A Dulcet Melody
A melody is truly great when it can grab you with only the simplest accompaniment. Indeed, a great melody makes you want only the simplest accompaniment. We could make a list of the great melodies of all time, but the list would be filled with clichés -- those melodies sunk so deep into the popular awareness, we can hardly hear them anymore. Here's a better list: simple melodies that are great, but have escaped so far the attention they deserve.
My nominee is An den Mond, D. 259 by Franz Schubert. Lieder aficionados know it, but not the wider public. If you are a chord progression geek like me, listen for the mid-song transition from the candence-ending dominant chord to a sub-dominant. to start the next phrase. Am I nuts, or is that mind-blowing? Or both?
Matthias Goerne renders An den Mond well, in the optimal key. My only regret is his failure to savor the notes by means of a slower tempo -- that's a common problem with this song. Still, it's a delicious performance. Taste and see.
Let's have your nominations.
Umie the Umlaut says, "ask your doctor about the Fredösphere!"

3 Comments:
OK, I'm not sure I understand the criteria, but I'll play....
There's a brief tune in Ravel's opera L'enfant et les Sortilèges where the little boy sings to the Princess "Toi, le coeur de la rose...". (Rehearsal 73 in the Durand score.)
The tune is almost entirely repeated notes, accompanied by three solo violins playing block quarter-note chords. Twenty bars of pure loveliness.
(But, really, just drop the needle anywhere in that piece.)
there is a passage, without accompaniment in Pelleas and Mellisande that grabs me every time i hear it.
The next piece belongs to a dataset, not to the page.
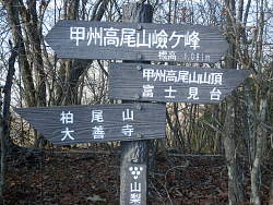 1110mの等高線がある。甲州高尾山は東京キの高尾山と区別するための山名か。甲州高尾山から南に下った中腹に飯綱権現(神社)が祀られているので、そこからの命名だろうか。東京の高尾山・神奈川の高尾山も飯綱神社がある。
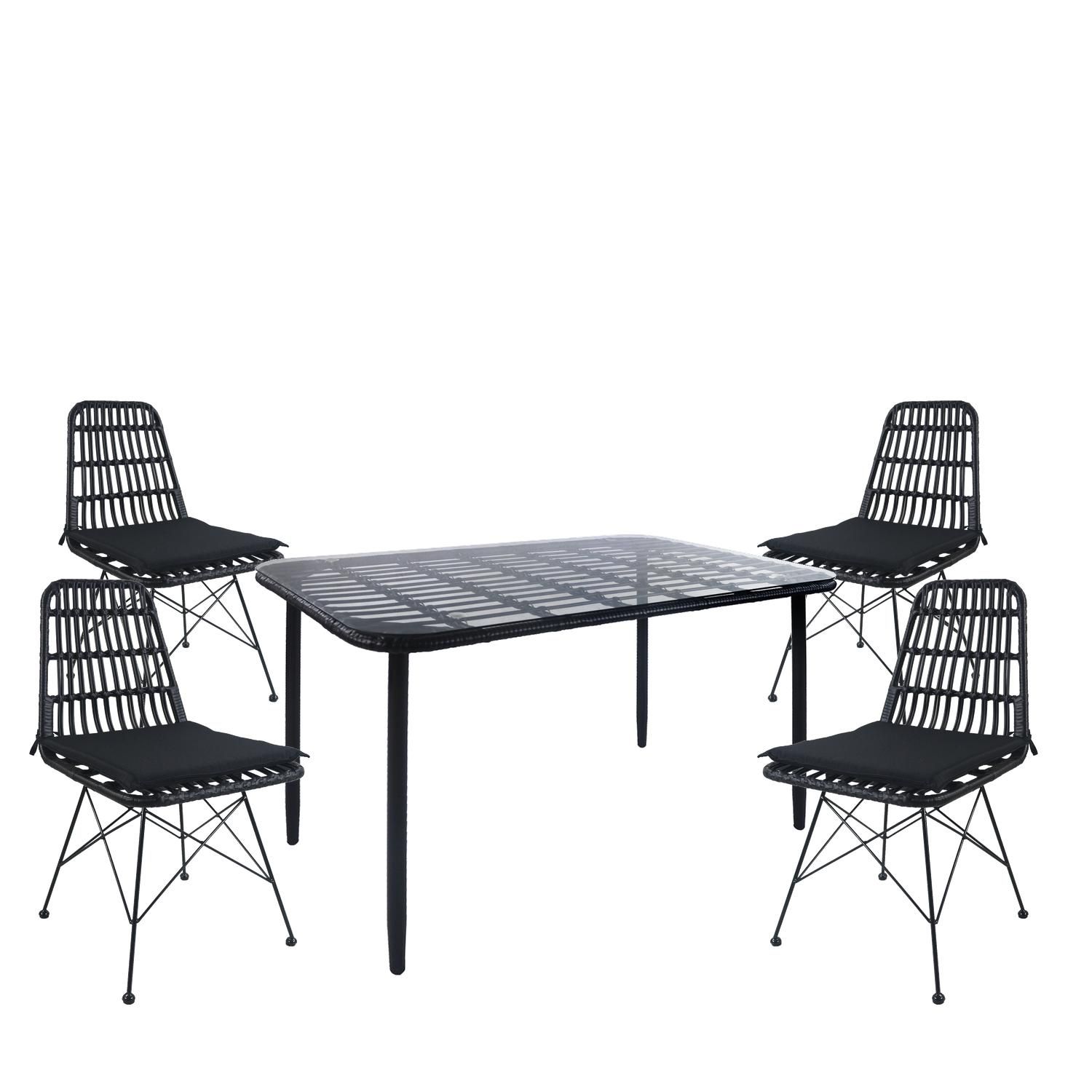 Σετ τραπεζαρία κήπου ANNIUS μαύρο μέταλλο/rattan/γυαλί με 4 καρέκλες.

Just one line, so elegant.
I think both Debussy and Ravel are filled with moments of intense melody that is heard no where else. (the middle movement of debussy's Second set of Images has a tune which is so simple and elegant, its painfully beautiful)
Satie wrote one obscure work filled with an incredible melody- Les Oiseaux.
I would also nominate Prokofiev- the middle movement of his third concerto for piano has this one chromatic melody with little harmonic backing that is just sublime. it makes me melt. (that one is kinda famous.... sorta, but still, underrated!)
"Love in Her Eyes Sits Playing," a tenor aria from Handel's masque, "Acis and Galetea." Sumptuous. Sensual. Sex made sound.